O Superior Tribunal de Justiça (STJ) rejeitou, por unanimidade, a denúncia do Ministério Público Federal contra o ex-secretário da Segurança Pública da Bahia, Maurício Barbosa, e a delegada Gabriela Caldas no âmbito da Operação Faroeste, encerrando a ação contra ambos. A decisão, tomada na terça-feira, em Brasília, aponta que não houve base suficiente para prosseguir com o caso.
A Faroeste foi deflagrada em dezembro de 2020 e aponta para um suposto esquema de venda de decisões judiciais e grilagem de terras no oeste da Bahia. Na época, Barbosa comandava a Secretaria de Segurança Pública da Bahia, enquanto Caldas ocupava o cargo de chefe de gabinete da pasta, segundo as investigações.
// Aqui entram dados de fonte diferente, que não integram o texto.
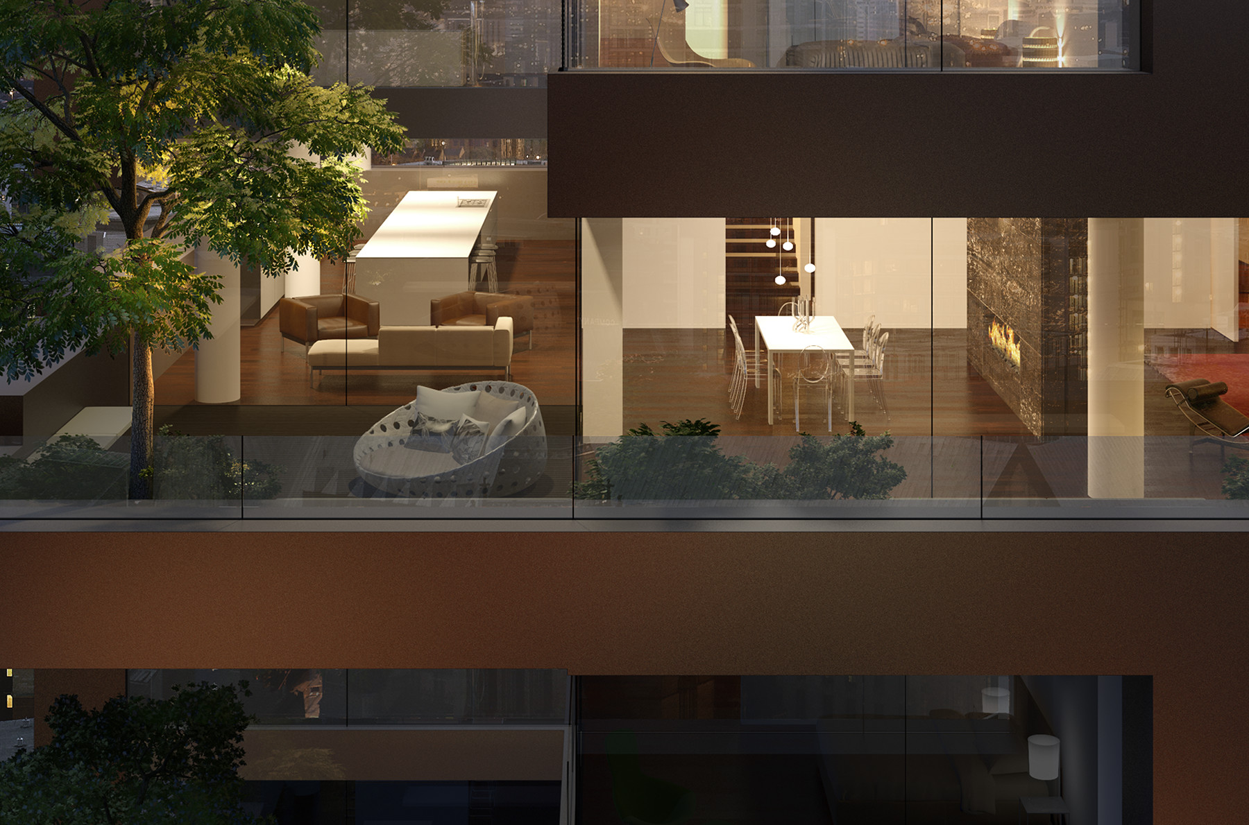 - Exterior looking into apartments

A apuração envolve magistrados, advogados e outros agentes públicos. Segundo as apurações, haveria intercâmbio de favores para favorecer decisões judiciais que beneficiariam produtores rurais e empresários na região. Trechos de documentos analisados indicaram possíveis irregularidades processuais e troca de informações entre partes ligadas ao esquema. Os desdobramentos também alcançaram o Tribunal de Justiça da Bahia e outros órgãos estaduais, sugerindo uma rede complexa de atuação.
A decisão foi proferida pela Corte Especial do STJ na terça-feira, dia 6, em Brasília, encerrando o processo penal contra os dois investigados e evitando que o caso avançasse para novas fases no âmbito estadual.
A defesa de Barbosa e Caldas sustenta que não houve provas suficientes para sustentar a denúncia, enquanto moradores da região oeste da Bahia observam a complexidade dos desdobramentos de Faroeste. O caso continua a gerar debate sobre integridade de autoridades e o funcionamento do sistema judiciário na Bahia.